Problem to work on:
Exactly the lines from the start of the data below through the line that contains "蜂炮約在下午六點半左右開始燃放,到八點~十點左右進入高潮。" are to be copied, with pictures left out.

Provided data:
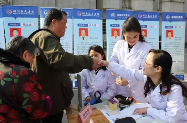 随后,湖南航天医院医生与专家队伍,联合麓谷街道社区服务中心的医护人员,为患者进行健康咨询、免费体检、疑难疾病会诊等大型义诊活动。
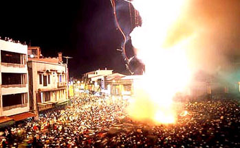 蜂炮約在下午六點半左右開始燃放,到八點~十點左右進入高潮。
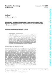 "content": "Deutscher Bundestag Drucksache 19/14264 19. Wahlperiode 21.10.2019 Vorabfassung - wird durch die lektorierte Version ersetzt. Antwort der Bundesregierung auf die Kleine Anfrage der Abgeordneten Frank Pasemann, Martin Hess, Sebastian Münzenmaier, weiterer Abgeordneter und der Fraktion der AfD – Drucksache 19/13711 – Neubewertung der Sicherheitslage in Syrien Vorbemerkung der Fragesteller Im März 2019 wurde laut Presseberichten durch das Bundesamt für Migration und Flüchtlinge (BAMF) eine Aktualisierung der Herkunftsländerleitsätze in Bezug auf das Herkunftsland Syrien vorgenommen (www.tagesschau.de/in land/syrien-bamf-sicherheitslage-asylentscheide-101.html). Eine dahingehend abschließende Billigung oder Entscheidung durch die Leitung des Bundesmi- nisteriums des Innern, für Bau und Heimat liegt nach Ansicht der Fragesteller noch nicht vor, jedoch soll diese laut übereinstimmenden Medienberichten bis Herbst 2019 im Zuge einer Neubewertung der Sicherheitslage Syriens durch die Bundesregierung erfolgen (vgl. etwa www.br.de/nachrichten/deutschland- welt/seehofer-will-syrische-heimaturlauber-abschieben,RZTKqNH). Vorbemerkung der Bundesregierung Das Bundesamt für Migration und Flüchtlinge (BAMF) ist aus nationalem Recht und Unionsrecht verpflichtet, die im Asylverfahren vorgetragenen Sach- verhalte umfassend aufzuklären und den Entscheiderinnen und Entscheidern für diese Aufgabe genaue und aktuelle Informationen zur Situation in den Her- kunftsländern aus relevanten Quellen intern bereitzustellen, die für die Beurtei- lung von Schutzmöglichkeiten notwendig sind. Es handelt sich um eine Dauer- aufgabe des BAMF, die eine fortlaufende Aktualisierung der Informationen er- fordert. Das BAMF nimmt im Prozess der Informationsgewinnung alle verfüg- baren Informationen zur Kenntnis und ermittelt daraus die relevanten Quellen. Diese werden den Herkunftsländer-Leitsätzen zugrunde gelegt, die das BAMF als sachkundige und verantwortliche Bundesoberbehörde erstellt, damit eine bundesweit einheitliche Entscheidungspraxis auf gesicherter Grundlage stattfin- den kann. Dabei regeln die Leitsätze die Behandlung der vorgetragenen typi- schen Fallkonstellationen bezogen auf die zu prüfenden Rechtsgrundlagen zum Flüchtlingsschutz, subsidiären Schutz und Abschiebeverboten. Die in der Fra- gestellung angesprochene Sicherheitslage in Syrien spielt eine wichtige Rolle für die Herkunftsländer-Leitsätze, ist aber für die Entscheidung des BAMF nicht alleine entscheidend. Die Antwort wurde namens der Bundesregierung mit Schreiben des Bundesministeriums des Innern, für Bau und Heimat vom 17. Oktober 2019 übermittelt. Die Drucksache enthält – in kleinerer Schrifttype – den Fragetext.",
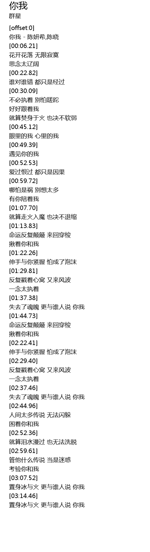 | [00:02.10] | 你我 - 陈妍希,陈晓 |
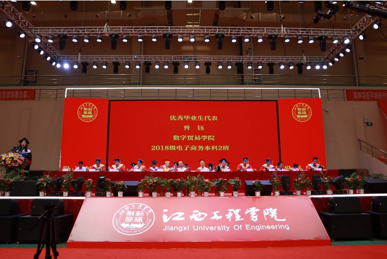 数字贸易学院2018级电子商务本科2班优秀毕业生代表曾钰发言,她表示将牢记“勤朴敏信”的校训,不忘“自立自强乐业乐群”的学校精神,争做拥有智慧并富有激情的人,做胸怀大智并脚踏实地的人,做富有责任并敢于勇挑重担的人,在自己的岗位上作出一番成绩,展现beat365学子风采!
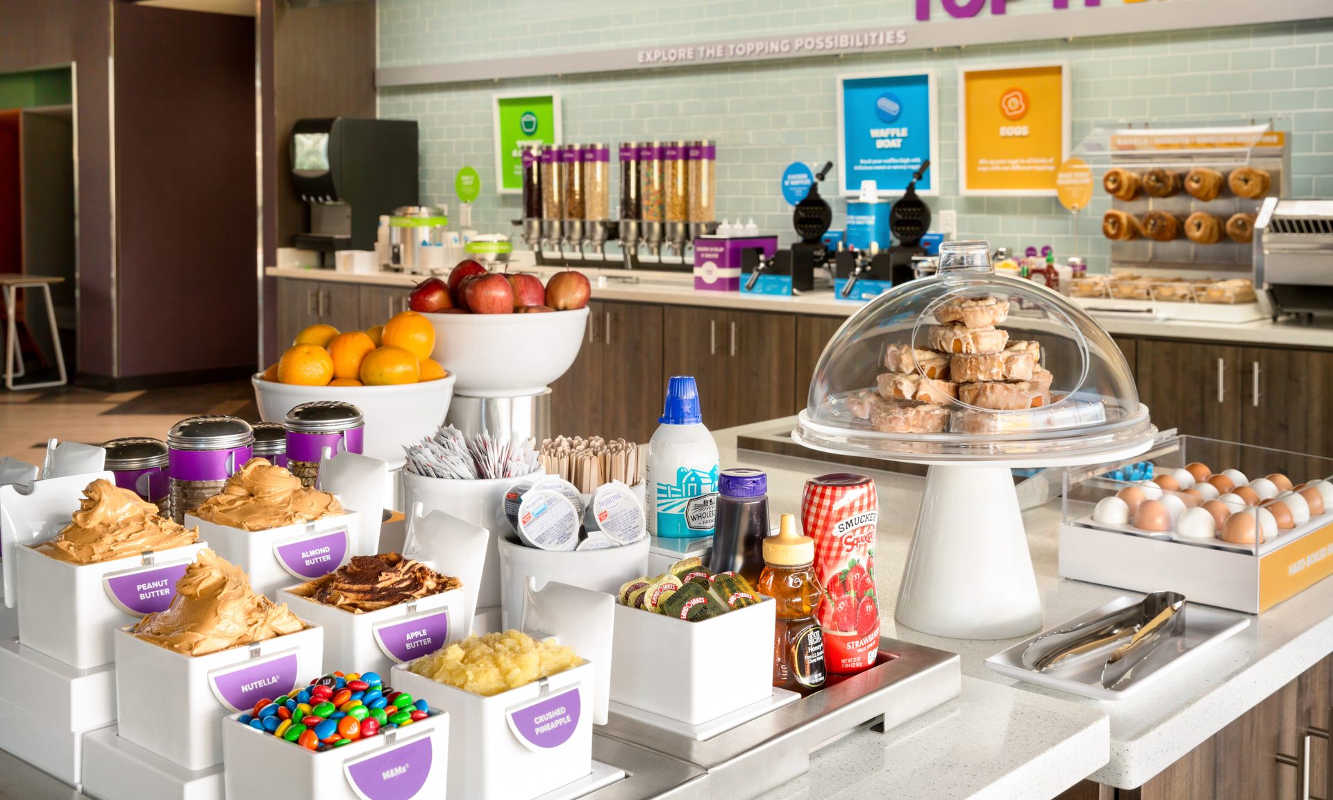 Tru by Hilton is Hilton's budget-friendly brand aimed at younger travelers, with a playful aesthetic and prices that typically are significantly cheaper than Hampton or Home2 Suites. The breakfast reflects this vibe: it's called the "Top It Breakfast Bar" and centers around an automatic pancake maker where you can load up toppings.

Output for this exercise:
 随后,湖南航天医院医生与专家队伍,联合麓谷街道社区服务中心的医护人员,为患者进行健康咨询、免费体检、疑难疾病会诊等大型义诊活动。
 蜂炮約在下午六點半左右開始燃放,到八點~十點左右進入高潮。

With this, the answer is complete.